There are only a couple of occasions every year where I overtly choose to tolerate bad music. One time is during solo car trips when radio-flipping passes the long and monotonous miles. The other is during the Grammy’s. I’m not convinced that you can really enjoy music in America without at least being mildly curious about the Grammy’s. Whether it truly remains the biggest night in music is certainly debatable; I find it a more celebratory occasion for CéU to sing while walking down the street. In her head.

But there is no denying a few things about the Grammy’s. The performances are (almost) always top notch, showcasing a variety of talent from a broad musical spectrum. It’s true that I don’t like a lot of it, regardless of talent (I don’t like some good stuff, and some of the stuff I like isn’t good), but I wouldn’t know that if I never listened to any of it. I have to give props even to certain songs/repertoires I cannot normally stand (Celine Dion and Barbara Streisand), from incredibly talented performers.

This of course is not quite the bad music I am referring to, where I would say that the likes of Nickelback and Green Day (and that poorly aging guy who won the American Idol show a few years ago – awful) are pretty awful to my ears. I believe that the term is best summarized by Michael Bolton (haha, how ironic) from Office Space.

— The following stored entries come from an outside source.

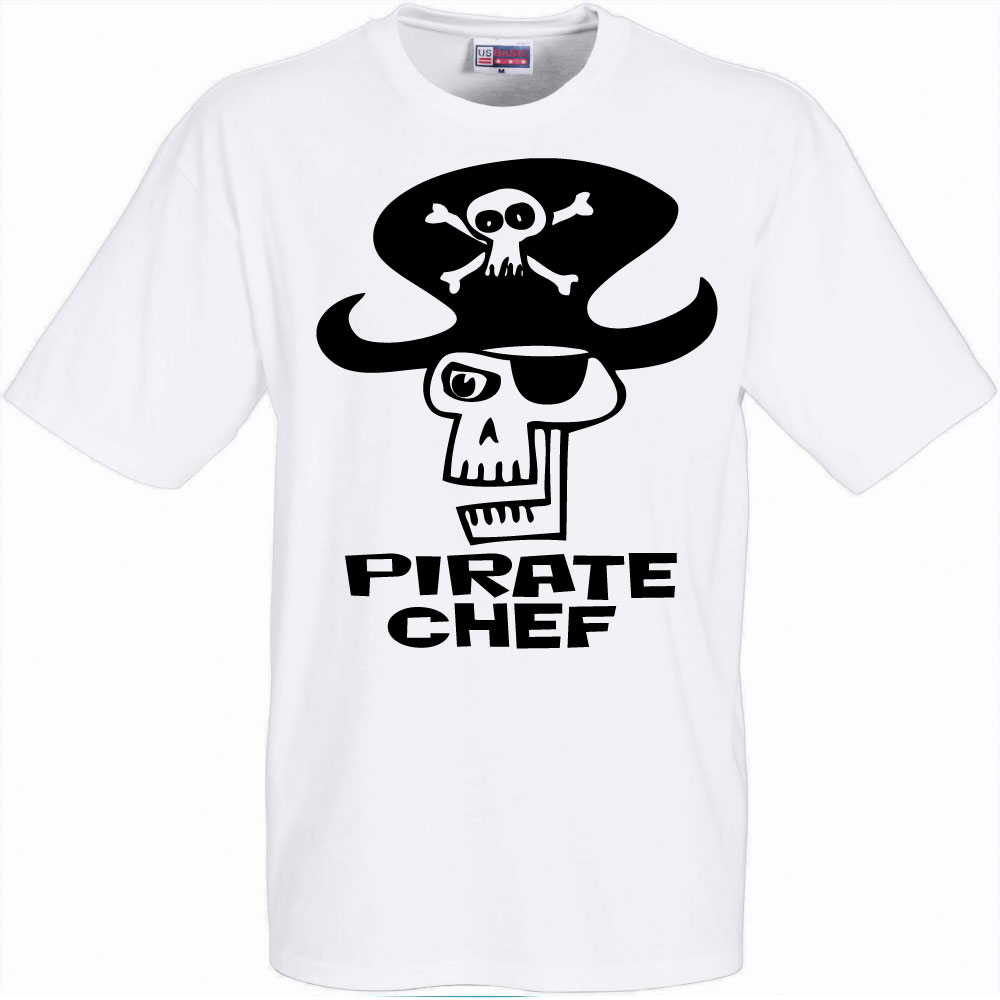 t-shirt blanc pirate chef, dessin et écriture en noir
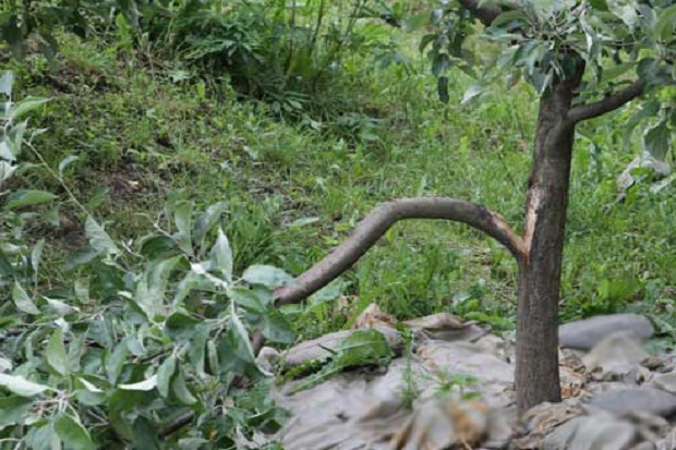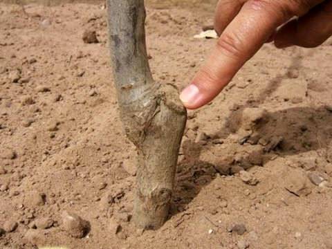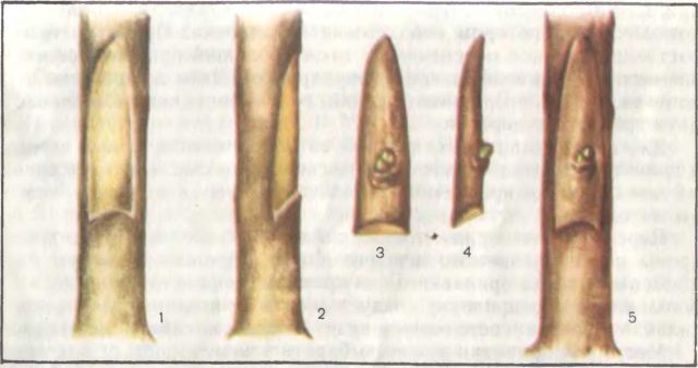 En els esqueixos, heu de trencar tots els cabdells perquè no comencin a créixer i també fer talls oblics de 2-3 cm de llarg.Les vores de la zona de portaempelts danyada es tallen en forma de T, les vores de l’escorça es plegen cap enrere i s’hi porten les vores del tall. Els "ponts" estan ben fixats i després s'emboliquen amb paper d'alumini, formant un hivernacle natural.
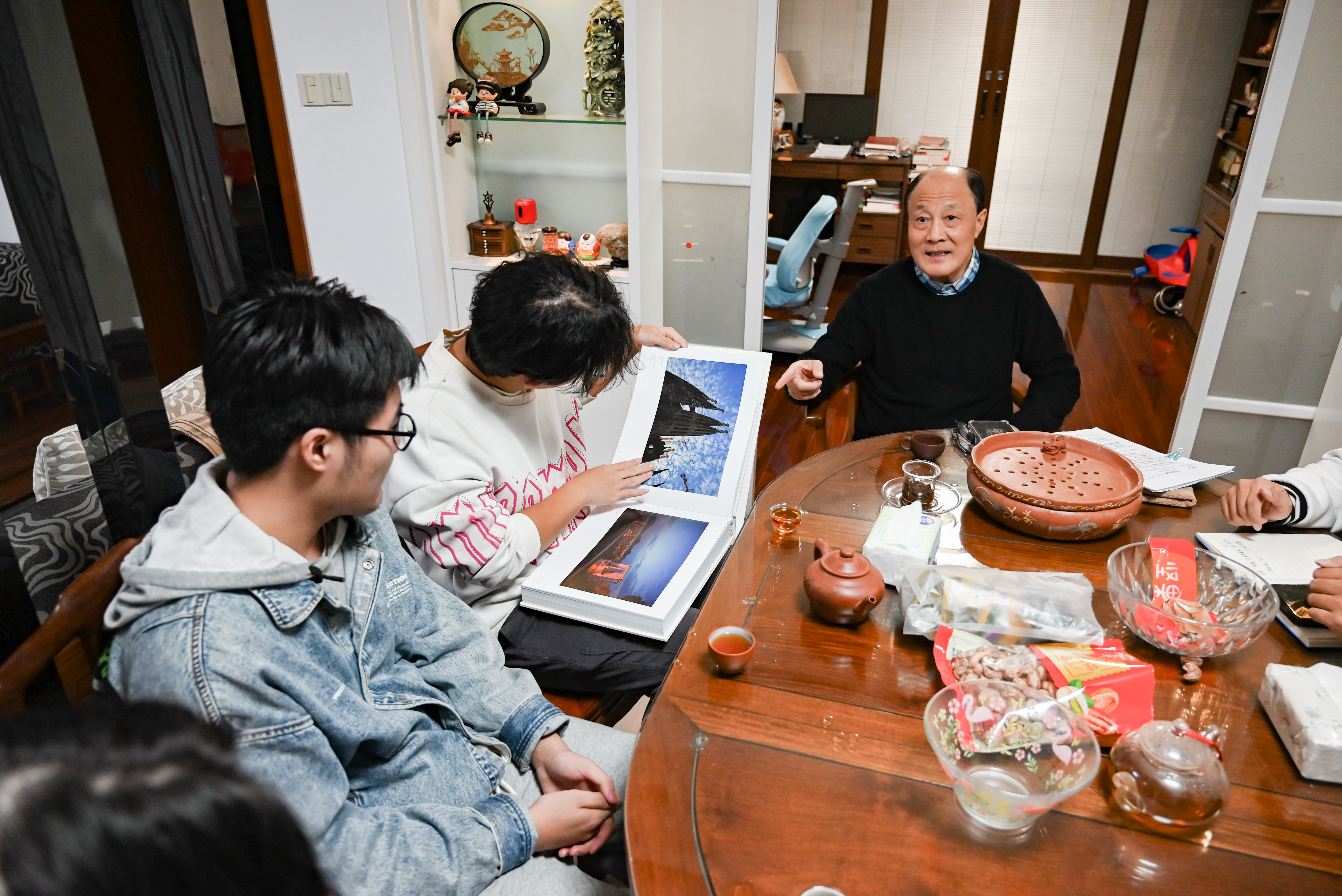 张老师追忆往昔执教生涯,围绕校友故事、歌曲鉴赏、学生成长规律、青年婚恋价值观等话题畅谈,从直面困境的坚韧到多元发展的智慧,再到对青年早担责任的期许,句句箴言饱含“以情育人”的赤诚。退休后,他始终牵挂学院与学生,常以自身阅历为青年教师传经送宝、为学子答疑解惑。
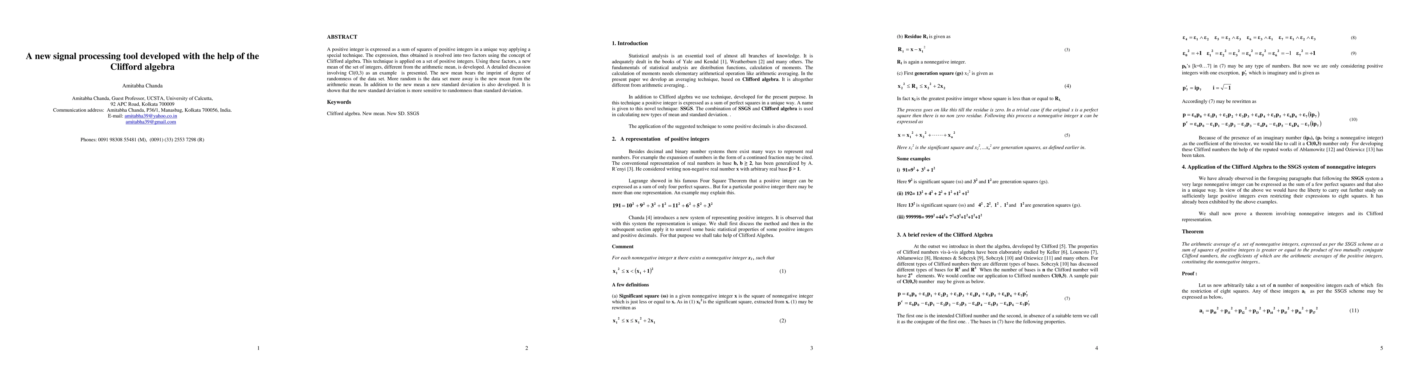 A positive integer is expressed as a sum of squares of positive integers in a unique way applying a special technique. The expression, thus obtained is resolved into two factors using the concept of the Clifford algebra. This technique is applied on a set of positive integers. Using these factors, a new mean of the set of integers, different from the arithmetic mean, is developed. A detailed discussion involving Cl(0,3) as an example is presented. The new mean bears the imprint of degree of randomness of the data set. More random is the data set more away is the new mean from the arithmetic mean. It is suggested that this averaging technique may be useful in signal and image processing with some special gain. Keywords New mean, Clifford algebra.
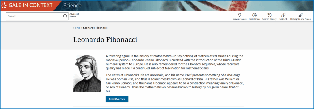 To celebrate the story of this mathematician from Pisa and why his famous sequence still matters today, you will find links throughout to Gale In Context: Science, making it easy for busy teachers to preview and integrate trustworthy materials into their lessons.
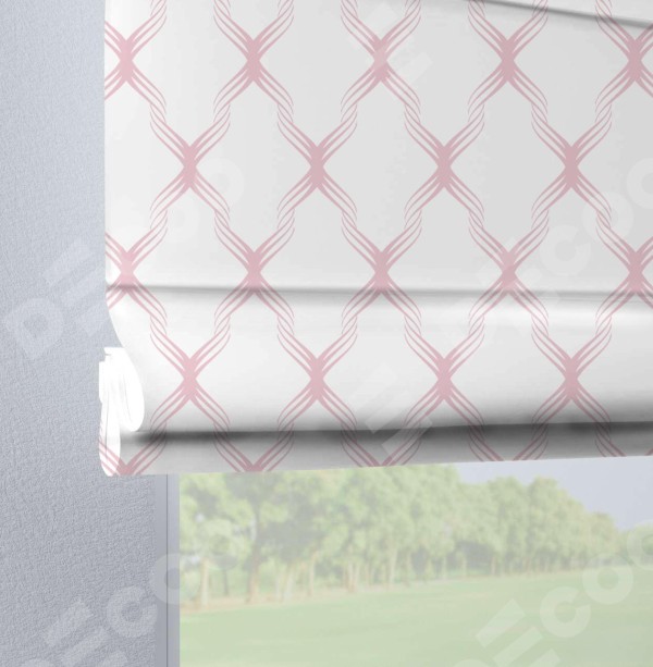 Римская штора производителя «Cortin», используется для проёма, пошита из ткани блэкаут с нанесением сублимационной печати «Розовые ромбы». Данная модель пошита на петлях, комплектуется на выбор круглым карнизом и подходит для монтажа на стену. Римская штора на петлях имеет простую систему регулировки высоты, отличительным преимуществом данной модели является простой способ монтажа. Достаточно повесить ее на трубу и штора готова!

Nevertheless, it’s part cultural experience and part genuine interest in sampling the spectrum randomly that keeps me tuned to pop music culture.

Alright, I’ve probably said it before, and it really won’t be the last time, but I thought I should address the term “jazz.”

It’s a term for a musical tradition that is probably based on a blues scale, is marked by a syncopated rhythm among others (of which I am thinking of swing in a sense), incorporates improvisation, and is played by certain standard instruments (though notable exceptions certainly exist). There is an element of African polyrhythms, but like many other features of a particular period in jazz, this is not always strictly the case.

Aside from the political and social landscape of jazz and various jazz movements which are critically important to telling a proper story of its progression, these are some of the elements that mark the music. It is not in an attempt to be elitist that some things are excluded from this label, but in the spirit of using genres as categorization tools, they won’t be useful if we don’t adhere to something; it’s also true that too many such labels also easily lose their meaning — avant-garde jazz, free jazz, cool jazz, post-bop, pre-bop, hard bop (but no soft bop), etc.

What you hear on contemporary jazz radio isn’t jazz — it’s actually more suitably classified as R&B. It was an art form that has required jazz like instrumentation for a very long time, incorporating elements of soul, blues, and pop music. It’s often missing the traditional element of vocal song that most people associate with R&B (Temptations, Stevie Wonder, Shai, etc.), but if you listen to a contemporary Mindy Abair (gasp) record, you’re likely to hear something not dissimilar to what you’d hear on a Babyface album. While I’ve always known that “jazz” ain’t jazz, I didn’t really make the connection until listening to Every Time I Close My Eyes to realize that “jazz” is just R&B.